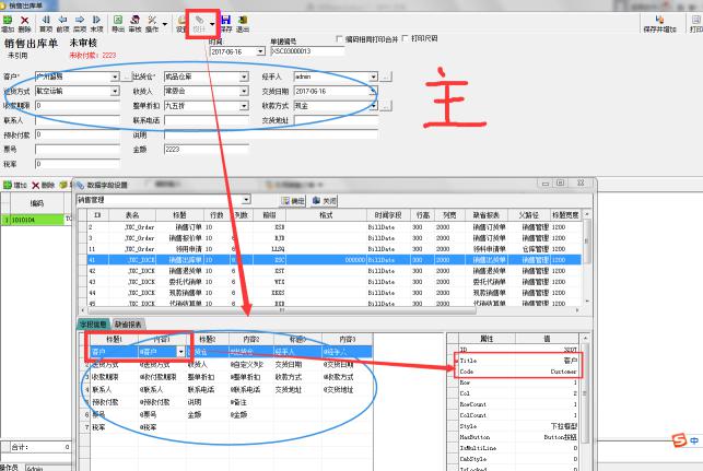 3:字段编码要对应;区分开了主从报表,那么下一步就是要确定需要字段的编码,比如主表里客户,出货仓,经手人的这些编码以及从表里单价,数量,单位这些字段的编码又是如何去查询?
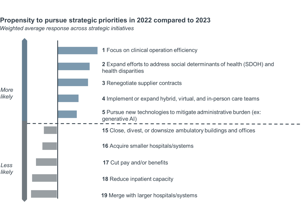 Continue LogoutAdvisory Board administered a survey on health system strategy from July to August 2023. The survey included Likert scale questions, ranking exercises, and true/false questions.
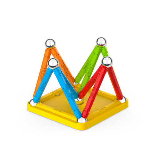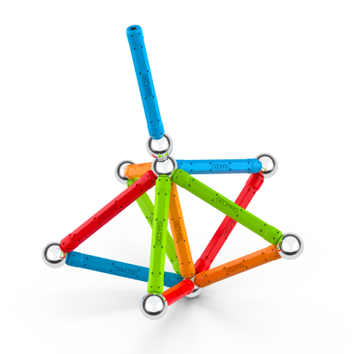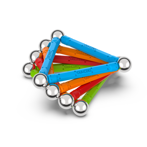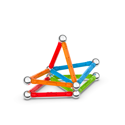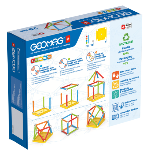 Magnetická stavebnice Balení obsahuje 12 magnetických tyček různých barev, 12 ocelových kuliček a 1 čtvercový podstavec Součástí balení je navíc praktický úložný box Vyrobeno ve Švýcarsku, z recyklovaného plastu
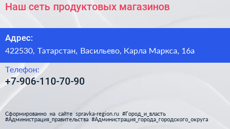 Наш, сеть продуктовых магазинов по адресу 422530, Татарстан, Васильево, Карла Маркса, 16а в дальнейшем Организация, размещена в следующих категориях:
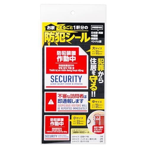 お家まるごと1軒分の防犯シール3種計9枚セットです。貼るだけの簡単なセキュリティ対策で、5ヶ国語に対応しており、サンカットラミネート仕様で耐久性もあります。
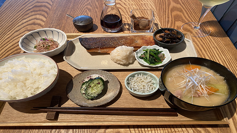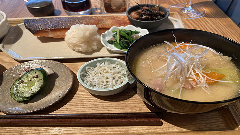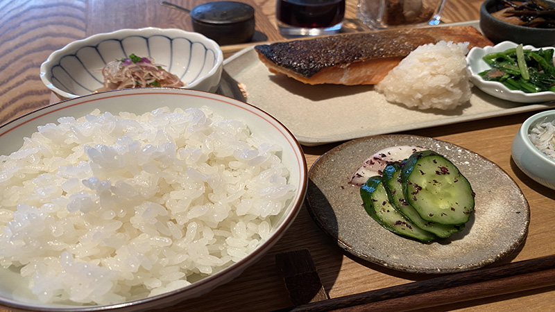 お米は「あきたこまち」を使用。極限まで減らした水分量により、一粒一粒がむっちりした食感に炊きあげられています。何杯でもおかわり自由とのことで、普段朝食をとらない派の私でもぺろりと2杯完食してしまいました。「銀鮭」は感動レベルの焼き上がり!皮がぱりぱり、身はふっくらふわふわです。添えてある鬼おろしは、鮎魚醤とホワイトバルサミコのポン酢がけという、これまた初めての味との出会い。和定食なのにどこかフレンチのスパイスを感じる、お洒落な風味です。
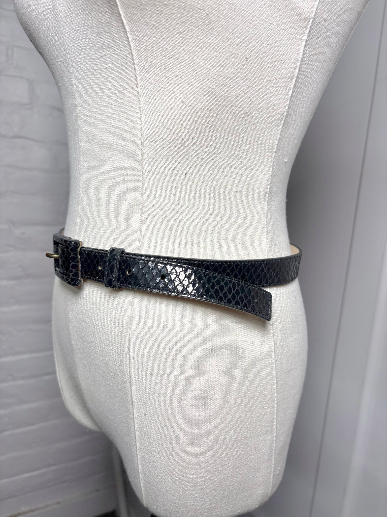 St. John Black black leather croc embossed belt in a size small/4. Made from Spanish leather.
○ ○ ○ ○ ○ ○ ○
--- WHAT TO PRODUCE ---
The response must match the listing exactly, except that pictures are removed.

--- ANSWER TO THIS PROBLEM ---
 3:字段编码要对应;区分开了主从报表,那么下一步就是要确定需要字段的编码,比如主表里客户,出货仓,经手人的这些编码以及从表里单价,数量,单位这些字段的编码又是如何去查询?
 Continue LogoutAdvisory Board administered a survey on health system strategy from July to August 2023. The survey included Likert scale questions, ranking exercises, and true/false questions.
 Magnetická stavebnice Balení obsahuje 12 magnetických tyček různých barev, 12 ocelových kuliček a 1 čtvercový podstavec Součástí balení je navíc praktický úložný box Vyrobeno ve Švýcarsku, z recyklovaného plastu
 Наш, сеть продуктовых магазинов по адресу 422530, Татарстан, Васильево, Карла Маркса, 16а в дальнейшем Организация, размещена в следующих категориях:
 お家まるごと1軒分の防犯シール3種計9枚セットです。貼るだけの簡単なセキュリティ対策で、5ヶ国語に対応しており、サンカットラミネート仕様で耐久性もあります。
 お米は「あきたこまち」を使用。極限まで減らした水分量により、一粒一粒がむっちりした食感に炊きあげられています。何杯でもおかわり自由とのことで、普段朝食をとらない派の私でもぺろりと2杯完食してしまいました。「銀鮭」は感動レベルの焼き上がり!皮がぱりぱり、身はふっくらふわふわです。添えてある鬼おろしは、鮎魚醤とホワイトバルサミコのポン酢がけという、これまた初めての味との出会い。和定食なのにどこかフレンチのスパイスを感じる、お洒落な風味です。
 St. John Black black leather croc embossed belt in a size small/4. Made from Spanish leather.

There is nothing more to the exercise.